Is it mentioned in something like Colin Wilson's The Outsider? Or another of his works?
― Stevolende, Sunday, 1 November 2015 09:57 (ten years ago)
seem to remember someone (not if it was another translator or a critic) berating the robert bly version from the sixties for some reason, but that's the one i read and have never come across an alternative translation so can't compare.
― no lime tangier, Sunday, 1 November 2015 11:41 (ten years ago)
or: https://en.wikipedia.org/wiki/Hunger_%28Hamsun_novel%29#Translations_into_English
― no lime tangier, Sunday, 1 November 2015 11:44 (ten years ago)
reading the wiki of the first translator of hunger: looks like someone worth following up on. don't think i've ever heard of her or her fiction before.
― no lime tangier, Monday, 2 November 2015 07:57 (ten years ago)
The current us penguin edition, published in uk by canongate, is supposed to be the best translation. It certainly contains an extensive and bad tempered essay by the translator, Sverre Lyngstad, explaining with many examples why the earlier versions suck balls.
― as verbose and purple as a Peter Ustinov made of plums (James Morrison), Monday, 2 November 2015 12:06 (ten years ago)
George Egerton is well worth reading, though: i did a short thing about her for Writers No-one Reads: http://writersnoonereads.tumblr.com/post/37510350783/australian-writers-no-one-reads-george-egerton
― as verbose and purple as a Peter Ustinov made of plums (James Morrison), Monday, 2 November 2015 12:09 (ten years ago)
Looks like I scored, this is a Sverre Lyngstad translation. So I can finally read it.Does look very thin though, kind of fitting I guess.
― Stevolende, Monday, 2 November 2015 17:45 (ten years ago)
xpost: ah, excellent thanks. local bookseller has a virago collection of her first two volumes of stories in stock, so shall seek it out next time i'm in there!

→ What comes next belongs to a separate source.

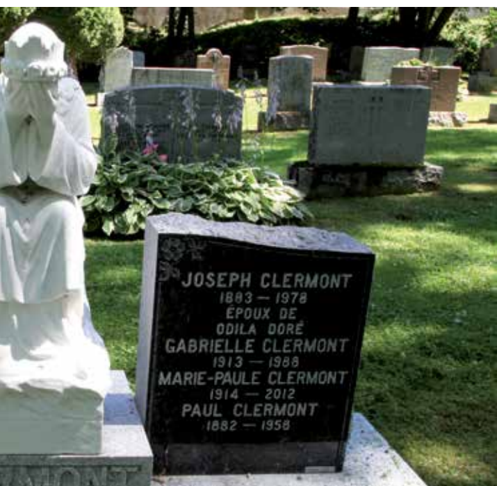
ce monument en mémoire d'une des victimes de l'écrasement d'avion qui

― no lime tangier, Tuesday, 3 November 2015 03:04 (ten years ago)
I read the introduction yesterday, this being the Rebel inc Lyngstad edition, & the writer makes the same Kelman comparison. Is that just coincidence or had the initial poster here read that intro by Duncan Mclean and skipped mentioning it?Or is it a standard cf I'm not aware of? Possibly would be if this was the standard edition for a while?
This also has the translator's essay slagging off the Bly translation. I got a few pages into that before going to sleep last night.
― Stevolende, Tuesday, 3 November 2015 08:56 (ten years ago)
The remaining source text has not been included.